C’est donc avec un immense soulagement que nous pûmes entendre un Américain venu des Appalaches, James David Vance, auteur du best-seller Hillbilly Elegy (qu’on aurait pu traduire Complainte du Péquenot), devenu depuis Vice-Président des Etats Unis, se livrer dans une conférence à Orlando en 2021 devant un parterre conservateur, à une attaque en règle contre les universités américaines, supposées au service « de la vérité et du savoir », mais « fondamentalement corrompues et dédiées à la tromperie et aux mensonges, et pas à la vérité ». Pourquoi, demandait-il, « nos universités s’engagent-elles envers certaines des positions les plus malhonnêtes du monde au lieu de s’engager en faveur de la vérité ? » Le même J.D. Vance vient de prolonger sa pensée à Munich en février 2025 devant un parterre de dirigeants européens, en déclarant que l’obstination du vieux continent à censurer les opinions de ses peuples et à couper les réseaux sociaux au nom de soi-disant dérives est liberticide, car selon lui « on ne peut pas imposer l’innovation ou la créativité, pas plus qu’on ne peut obliger les gens à penser, ressentir ou croire quelque chose en particulier ». Il faut se réjouir de ce retournement spectaculaire, qui rend obsolètes les milliers d’articles et d’essais publiés depuis une dizaine d’années sur le déclin des idéaux de vérité et de démocratie : J.D. Vance vient dire à tous ceux qui se sont opposés à la post-vérité et aux dérives que la vériphobie postmoderne a induites, que la vérité existe bien, que la démocratie ne peut pas fonctionner sans elle, et qu’elle est nécessaire à la liberté d’expression et aux idéaux du libéralisme politique. Enfin on peut dire qu’il est vrai que la neige est blanche siet seulement si la neige est blanche. Tous les lecteurs du De la liberté de Mill et de De la démocratie en Amérique de Tocqueville devraient applaudir ces conceptions enfin saines venues de la galaxie trumpienne dont nous ne cessions de nous désespérer des idées et de frémir des horreurs.

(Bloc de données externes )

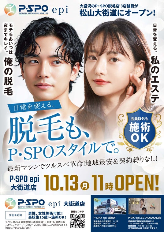 株式会社三福ホールディングス(本社:愛媛県松山市)が運営するP・SPO epi(ピースポ エピ)は、このたび松山市の中心地に位置する大街道に、脱毛専門店の3号店となる『P・SPO epi大街道店』を10月13日(月)午前11時にグランドオープンいたします。
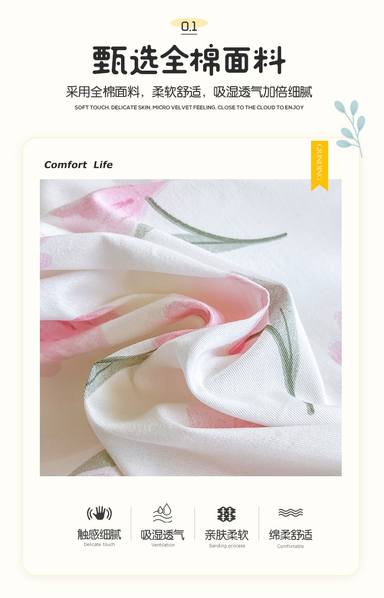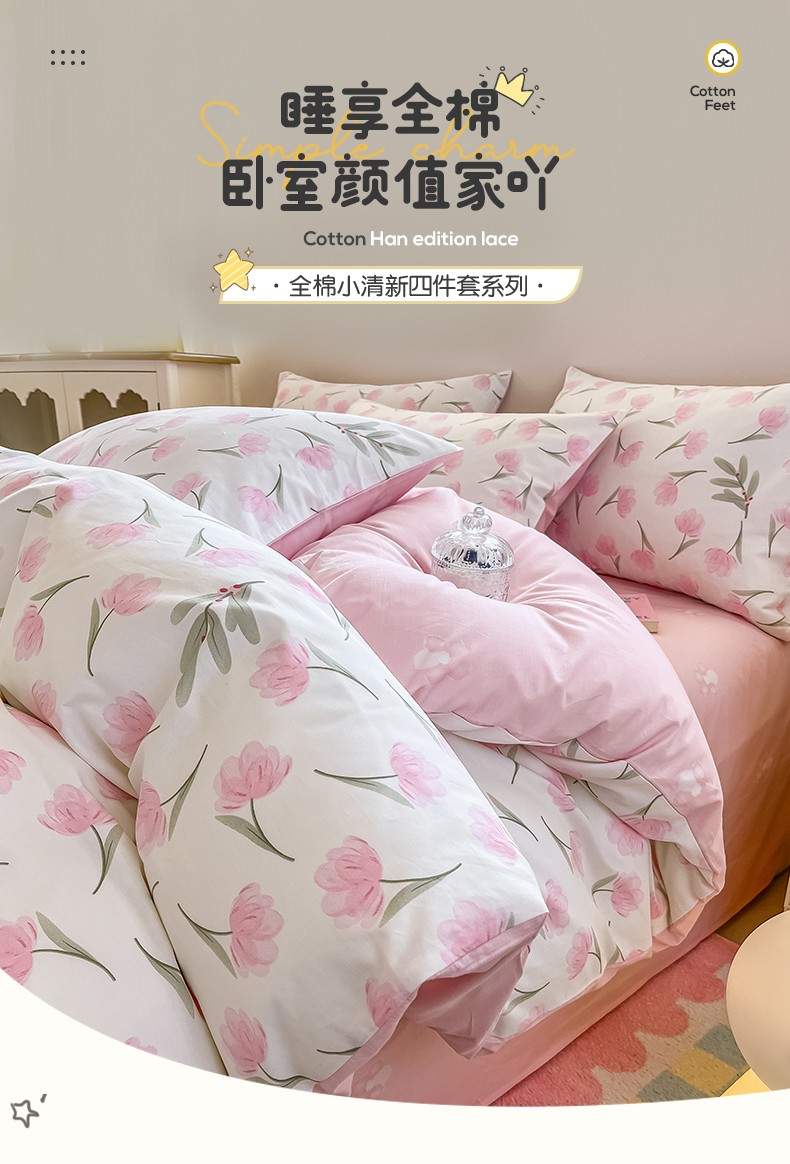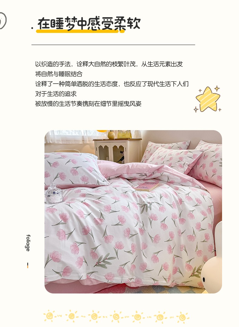 商品名称:小懒猪 2023新款春夏全棉小清新系列四件套 花意浓
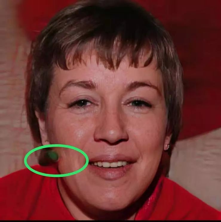 (绿色圆圈处的面部,呈现不明物质的绿色“缺陷”)
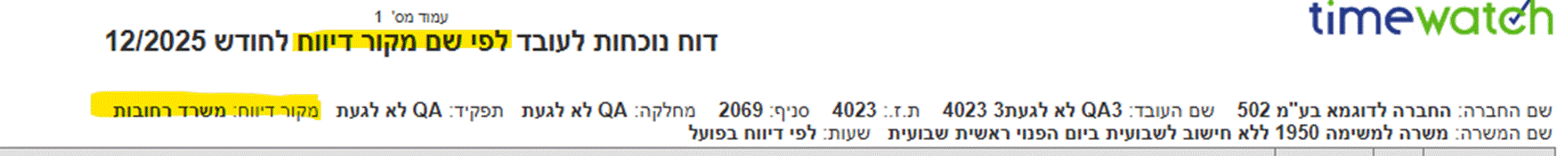 הפקת דוח נוכחות לפי שם מקור דיווח

Las ! Le masque du bon sens et de la vériphilie revêtu par M.Vance tombe dès qu’on comprend que son éloge du « libre marché des idées » vient avec un éloge de la dérégulation complète des réseaux sociaux et une défense ouverte des manipulations d’internet et de la promotion de faussetés les plus évidentes,
telles que l’élection présidentielle truquée en Roumanie, et les astroturfings nés sous X. Qui peut parler d’un libre marché des idées et de vérité quand l’administration américaine se livre, via Elon Musk, à un détournement sans précédent des opinions par l’intermédiaire de réseaux sociaux dont il est propriétaire et qu’il contrôle à chaque bout de la chaîne? Quand Mill parlait de la liberté d’opinion et de son lien constitutif avec la vérité, il nous enjoignait à ne pas confondre la vérité avec l’utilité, que ce soit celle des pouvoirs en place ou celle de ceux qui s’ y opposent. Vance prétend défendre la première, mais il
ne défend que la seconde, celle des intérêts de l’Etat prétendument impartial qui se comporte partout comme s’il était un descendant des Compagnies qui écumaient l’Atlantique et le Pacifique il y a deux siècles. Comment peut-il tancer les Européens pour leur propension à censurer les réseaux sociaux, alors même que l’administration qu’il dirige censure un livre pour enfants de l’actrice Julianne Moore qui a le malheur de décrire les affres d’une petite fille honteuse de ses taches de rousseur, ce qui suggère, selon cette même administration, un biais de genre et de race ? Encore un effort, M.le Vice-président, pour vous hausser au niveau des exigences de la vérité. Vous aimez citer Richard Nixon : «Nos ennemis, ce sont les professeurs ». L’université américaine n’a pas ététoujours à la hauteur. Mais les universités européennes non plus. Pourtant à partir du moment où l’on adopte la posture d’accepter « la vérité et le savoir », il est parfaitement hypocrite de les nier au nom de ses intérêts bien compris.